第六話「間休」
医者の話ではルナティカの高熱は心無との遭遇が原因らしい。
今は薬を投薬して、落ち着いているらしいがそれでも彼女のキツそうな顔を見ると心が痛む。
と、看病を指定間に僕は僕なりの食事をすることにした。
ジャンルは推理もの、今日は納豆の気分だったので
執拗い探偵と犯人の関係性を楽しんでいる。
3世とこの警部ほんと仲がいいな。
ふと、彼女が目を覚ます。
「……ネ、おん」
目を擦りながら、僕を探してる。
「ルナティ、寝てないとダメだよ?」
すると、違和感に気付く……この子目を細めてる?
「ネオンの匂いはするけど、よく見えない」
「まさか……」
そう、彼女は視力が低下していた。
その代わり……
「あっ、シチューの匂い。

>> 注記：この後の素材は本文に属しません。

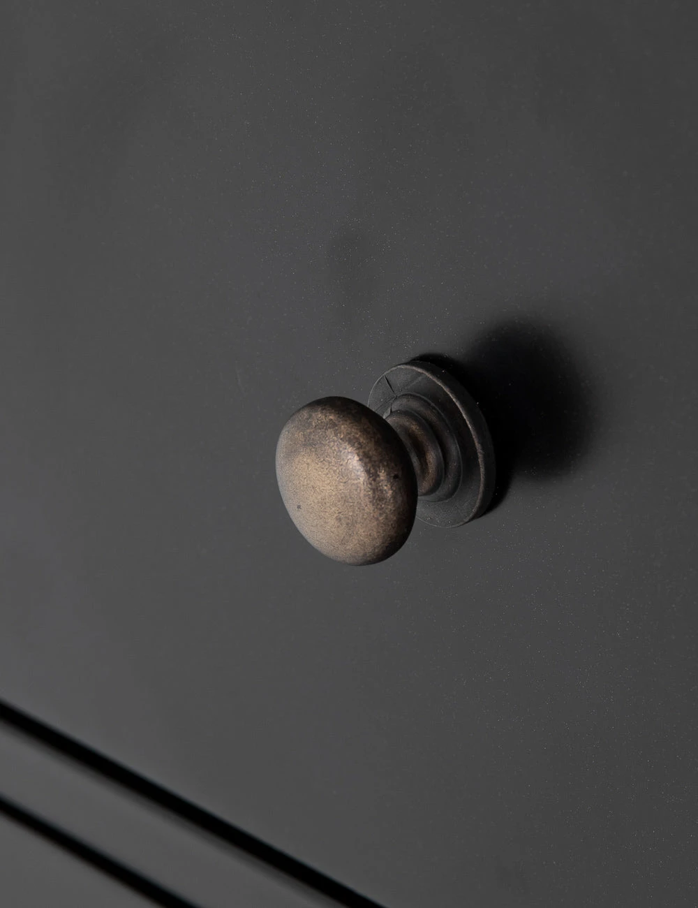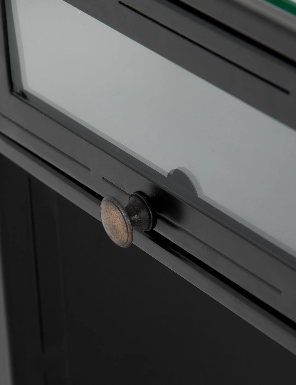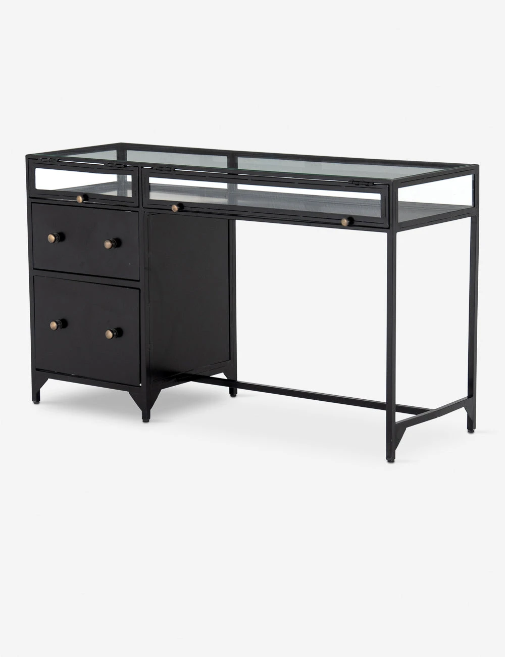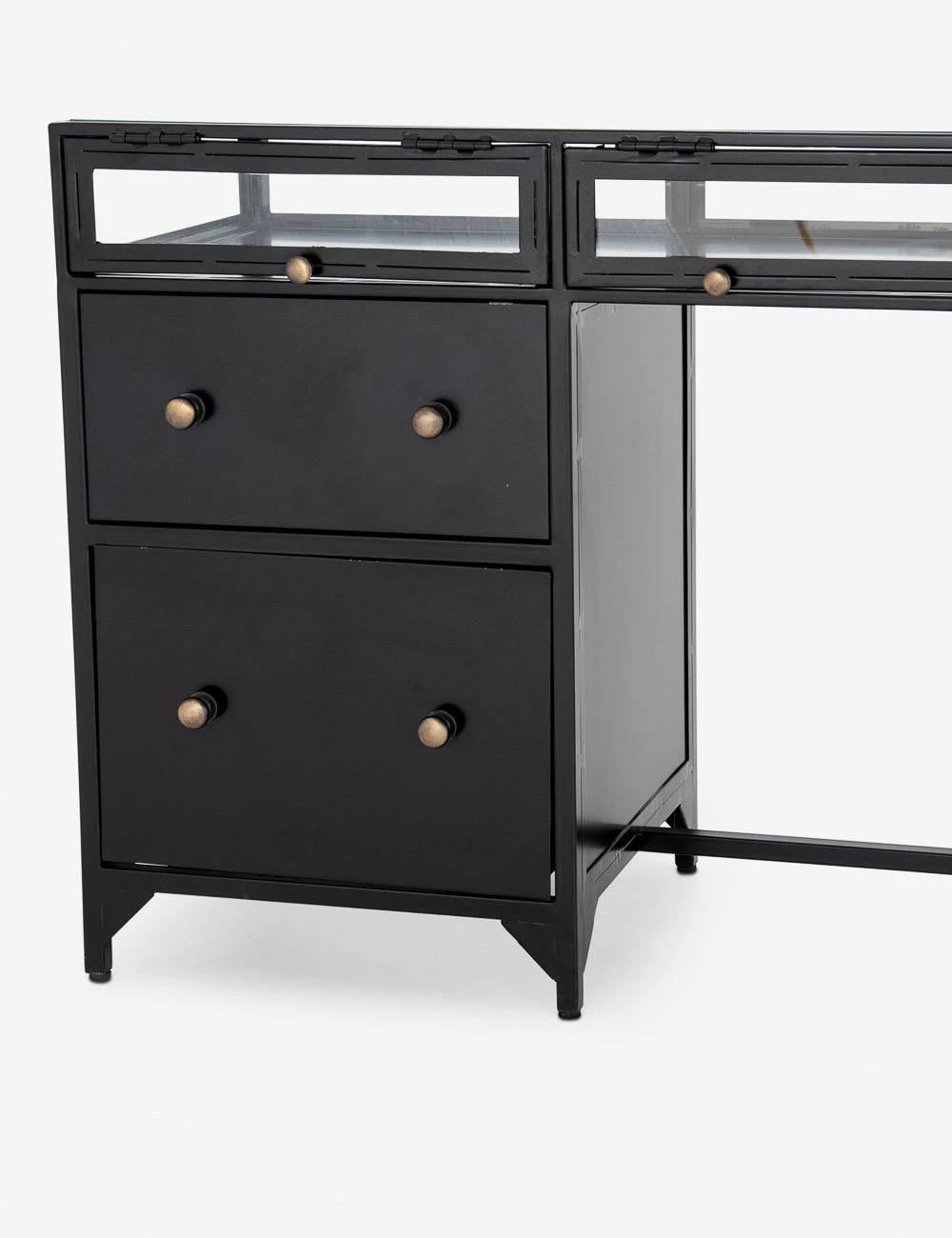 In a sleek nod to a shadow box design, this home office desk features an iron frame with glass enclosures for storage and display. The Malcom Desk includes a file drawer finished with brass knobs to offer a practical touch with an industrial edge.
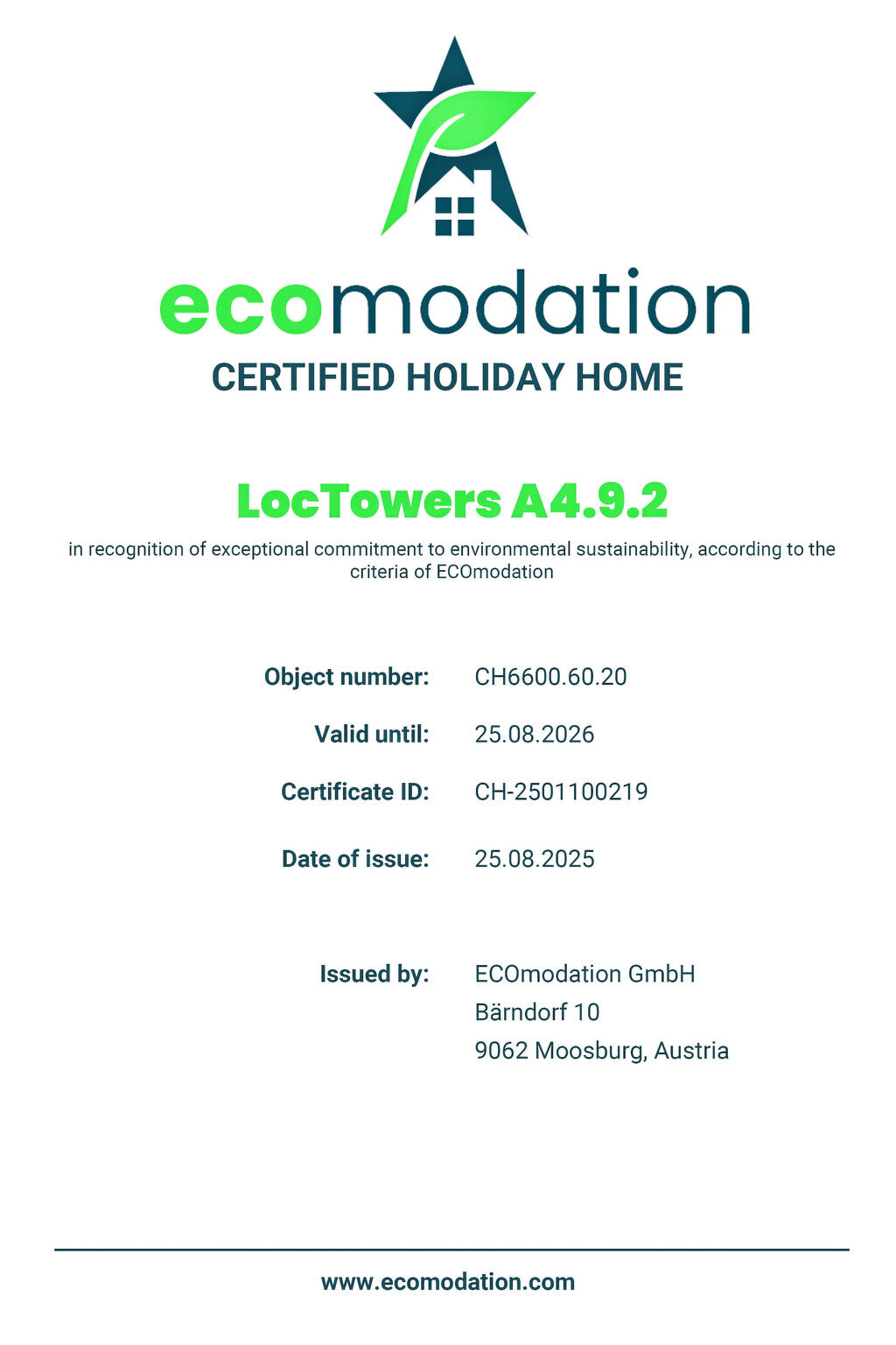 "LocTowers A4.9.2", appartement 4-kamers 101 m2 op de 9e verdieping. Ruim en licht, zeer comfortabel en modern ingericht: open woon-/eetkamer met eettafel, Kabel-TV en Digitale TV. Uitgang naar het balkon. 1 kamer met 1 2-pers bed (2 x 80 cm, lengte 200 cm), douche/WC. Uitgang naar het balkon. 1 kamer met 2 bedden (80 cm, lengte 200 cm). 1 kamer met 1 x 2 stapelbedden (80 cm, lengte 200 cm). Open keuken (oven, afwasmachine, 4 keramische glas kookplaten, broodrooster, waterkoker, diepvriezer, elektrische koffiemachine, pads voor de koffiemachine (Delizio) extra, raclette oven, fondue Set (kaas)). Bad/WC. Vloerverwarming. Parketvloeren. Balkon 10 m2, op het westen gelegen en op het zuiden gelegen balkon 3 m2, op het westen gelegen en op het noorden gelegen. Balkonmeubilair. Panoramazicht op de bergen en de plaats. Ter beschikking: wasmachine, droger, strijkijzer, kinderstoel, kinderbed (extra), haardroger. Internet (Internet (WiFi), gratis). Niet rokers woning. Maximaal 1 huisdier/hond toegestaan. Boekingen zijn alleen voor vakantiedoeleinden toegestaan. NL-00007187

ソラ、そろそろ来るね」
「あれ?ルナティカちゃん?起きて大丈夫なの?」
病室にソラがやってきた。
「”香華喰い”か」
珍しいタイプの異能。
確か、これは……、
「ルナティ?」
「なに?」
試しに聞いてみる。
「この間の串、覚えてる?」
彼女は即答だった。
「うん、あのお肉柔らかくて油が甘かったね」
ちょっと、それを思い出して。
うーん。すると、あの時の匂いが部屋中に充満する。
「あのネオンさん。とても良い香りがしますけど……この部屋で言葉張り付けないでください」
「いや、これ僕じゃない」
スンスン、ソラはよく嗅ぐとその匂いがルナティカから発せられている事に気付いた。
「えっ、ルナティカちゃん。”喰い”になっちゃったの?」
「そうなの?あー、またこの匂い嗅いでたらお腹空いた」
「この間の高級肉は出せないけど、作ってくる」
やったー、彼女はまだ身体の調子は悪いが少しはしゃいだ。
出された食事は、豚丼だった。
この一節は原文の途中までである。